Multi-step reasoning loops with LLM calls
Tool calls that may fail or timeout
Human-in-the-loop approvals
Long-running data processing between reasoning steps

Without durable execution, you must manually persist state between steps. If the agent crashes after calling a tool but before processing the result, you lose context. You either re-execute the tool call (wasting money and time) or fail the entire workflow.

Durable execution makes the agent invincible. The orchestrator checkpoints state after each tool call. If the agent crashes, it resumes with the tool result already available. The reasoning loop continues without re-executing completed steps.
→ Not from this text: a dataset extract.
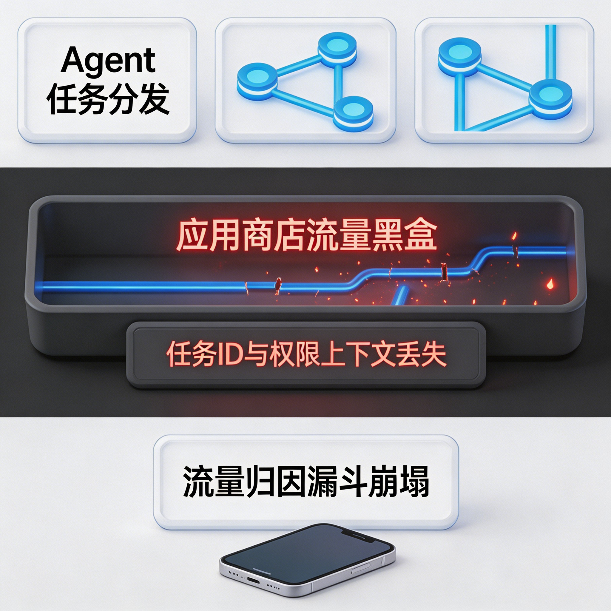 典型场景:企业Agent生成任务链接(如代码执行、数据查询),分享到Slack/微信群。用户点击,意图是下载App执行任务。但应用商店黑盒切断参数:任务ID、Agent来源、权限上下文丢失。新用户冷启动后,无法自动绑定任务,老用户无法获完成奖励。结果:流量虚化,归因失效,增长漏斗崩塌。

This is especially important for agentic workflows that involve external APIs with rate limits or costs. You do not want to re-call GPT-4 because a worker restarted.

Technical Verdict

Use Trigger.dev when:

You are building agent systems in TypeScript and want durable execution without operational overhead
You need long-running tasks with retries and concurrency control
You want observability and queue management without writing custom infrastructure
You are comfortable with a managed platform and do not need on-premises deployment

Avoid Trigger.dev when:

You need multi-language support (Temporal supports Go, Java, Python)
You require full control over the runtime and storage layer
You already have a Temporal cluster and expertise
You need strict determinism guarantees enforced by the runtime

The platform exposes the plumbing that agent systems need: state persistence, retry logic, concurrency control, and long-running task guarantees. It does not abstract away the orchestration model. You still write code that thinks about checkpoints, retries, and failure boundaries. But you do not deploy workers, manage queues, or run a database cluster.

For TypeScript teams building agentic workflows, that trade-off often makes sense.